Ксения Лученко. Возникает вопрос, а насколько вообще родители могут навязывать детям свои представления? У меня недавно был разговор с подругой. Она совсем не церковная, но не воинственный атеист, она говорит: «Я понимаю, что Бог есть, но я совершенно не убеждена, что Библия, Евангелие – это Божественные книги, зачем вообще в церковь ходить?» У нее нет такой потребности, она очень честный, спокойный человек.
И вот у ее ребенка есть очень верующая, церковная бабушка со стороны папы. Подруга, чтобы не устраивать конфликтов в семье, добросовестно разрешила крестить ребенка. Но бабушка, исходя из тех соображений, которые вы сейчас изложили, несет ответственность за крещеного по ее настоянию младенца, и она мальчика водит в церковь практически тайком. Ребенок еще маленький, ему три года. И подруга меня спросила: «Это же ненормально, когда я прихожу и вижу, как ребенок целует икону! Я не хочу, чтобы мой ребенок целовал икону. Если он вырастет и захочет бить поклоны или думать, что мир создан за шесть дней, – пожалуйста. Но это мой ребенок, я не хочу, чтобы ему навязывали мировоззрение. И что мне делать? Я ей запрещаю, а она его все равно тайком в храм водит».
И она меня этим вопросом поставила в сложную ситуацию. Потому что я вроде бы должна быть на ее стороне — как подруга: возмутительно, что бабушка вмешивается в жизнь семьи, ребенку что-то навязывает. Но все-таки я очень хорошо в этом смысле понимаю бабушку. В итоге я честно сказала, что мои дети целуют иконы, никто еще не умер от этого, и что мне кажется очень уютным, когда ребенок все-таки имеет какое-то целостное представление о мире, а не стоит с младенчества перед неизвестностью. Но, честно говоря, этот ответ ни ее, ни меня не удовлетворил.
Священник Сергий Круглов. Это один из тех прекрасных настоящих случаев в жизни, который не подходит ни под какие каноны, который нельзя отрефлектировать. Мы очень часто забываем вот какую вещь: вера Христова не только несводима к канонам, к правилам, к тому, как должно быть, как положено, – она гораздо больше этого. Потому что вера Христова – это жизнь. Христос сам про Себя сказал: Я есмь Путь, Истина и Жизнь (Ин. 14: 16).

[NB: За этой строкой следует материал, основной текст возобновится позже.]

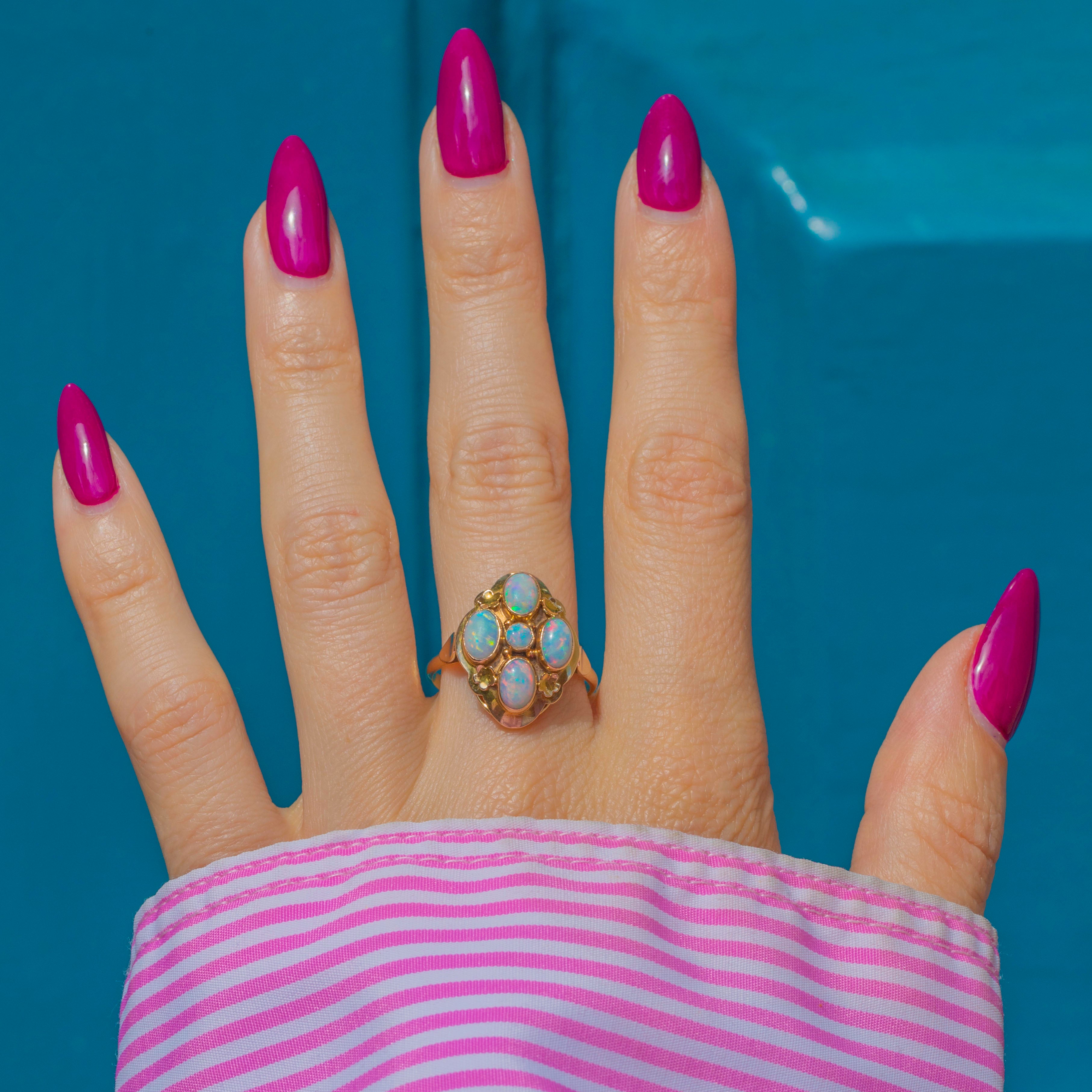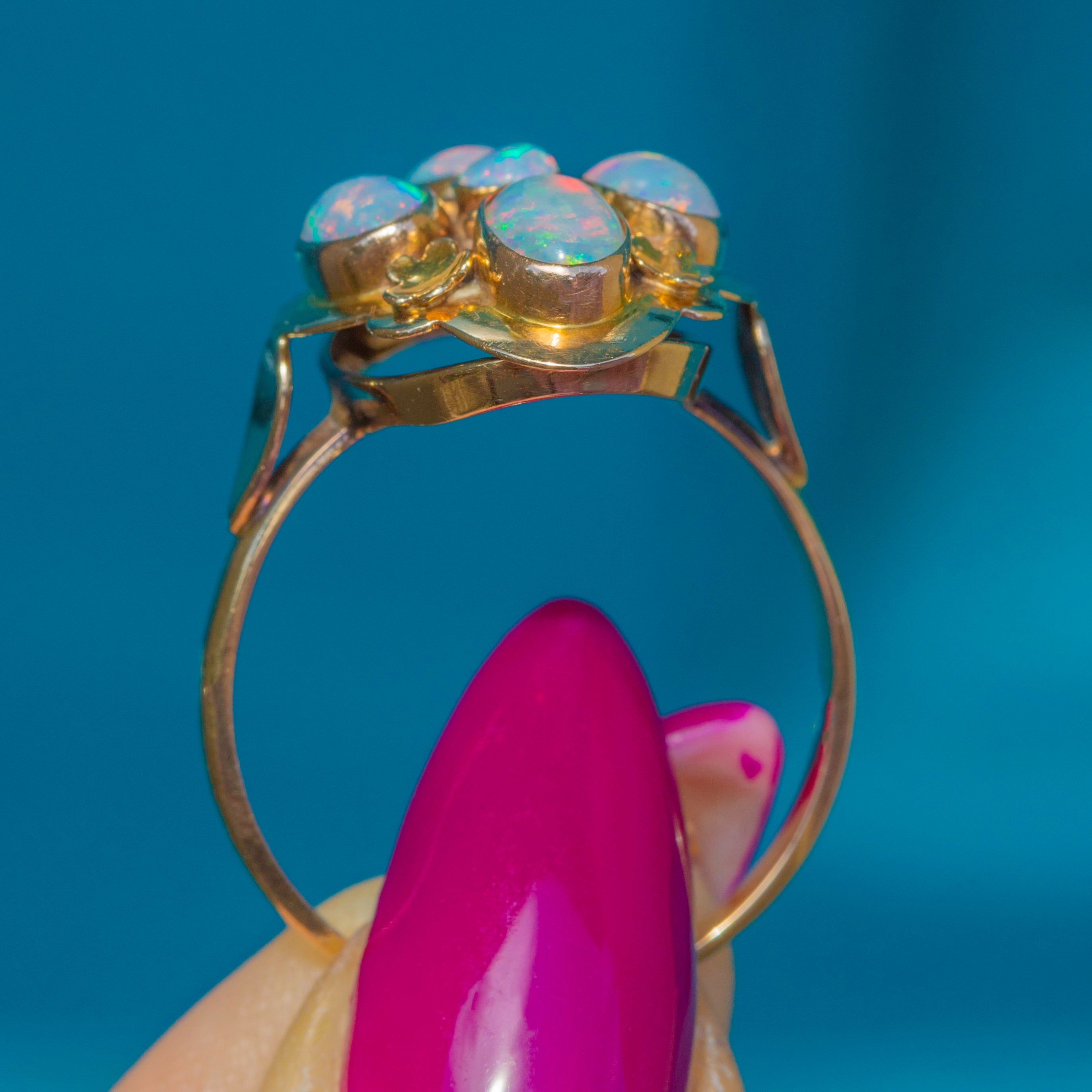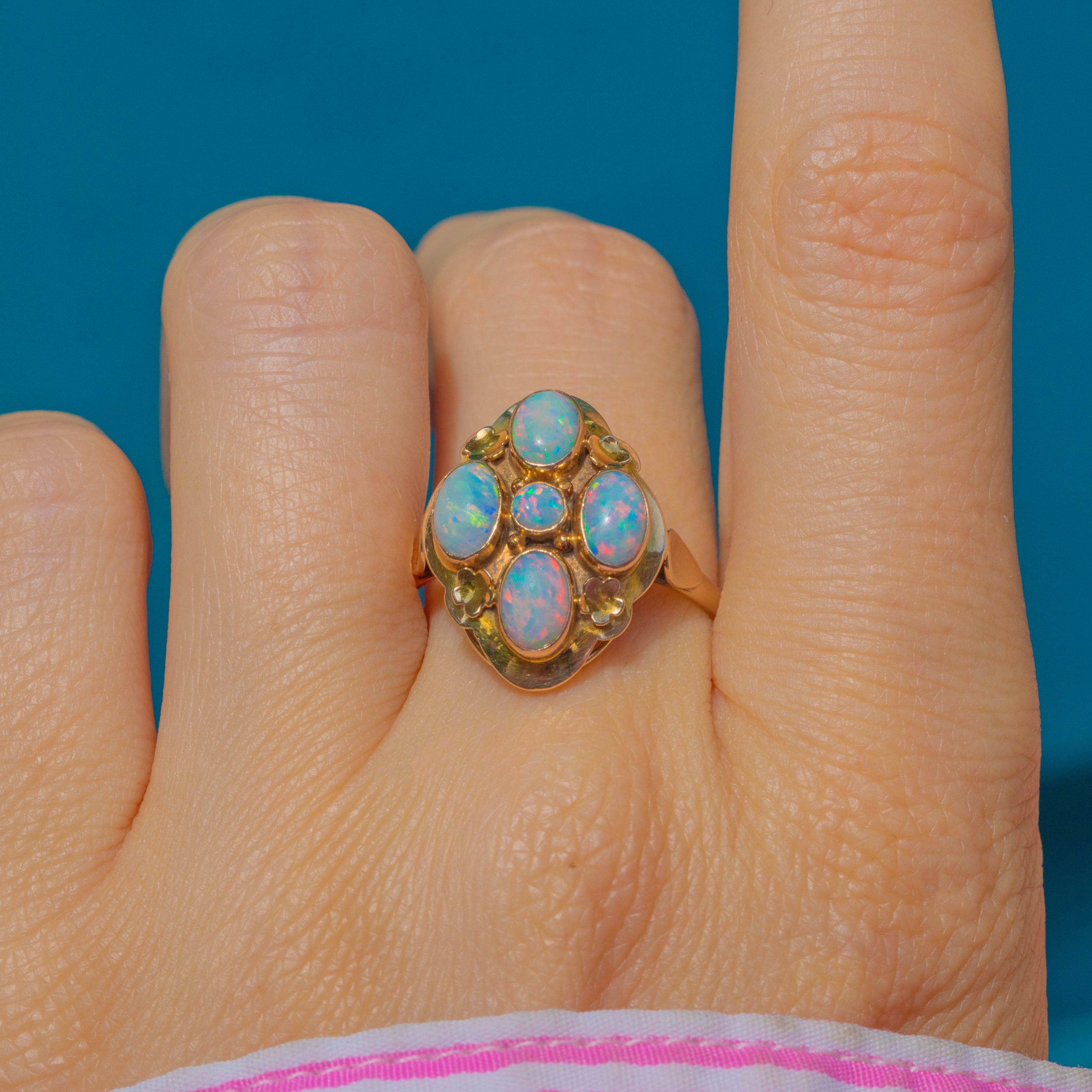 Made circa 1890, this Art Nouveau ring is a gorgeous example of the craftsmanship of the era! The ring is formed from solid 14ct Gold and displays five vibrant natural Opals accented by dainty floral motifs.

Мы считаем, что истина – это ряд каких-то, так сказать, максим, догматов, с которыми надо соглашаться или не соглашаться, принимать или не принимать. Истина – это другое. А кроме нее, есть еще и путь, и жизнь. Прохождение пути, то, что наша жизнь еще не кончена, – это великий повод для надежды и радости. Потому что как бы ни была плоха ситуация и страшна, знаешь, что она не конечная, что все еще продолжается, мы еще в процессе. Главное, остановку в пути не принять за конечную цель, часть истины за всю истину. Мы должны двигаться дальше, в этом случае происходит жизнь.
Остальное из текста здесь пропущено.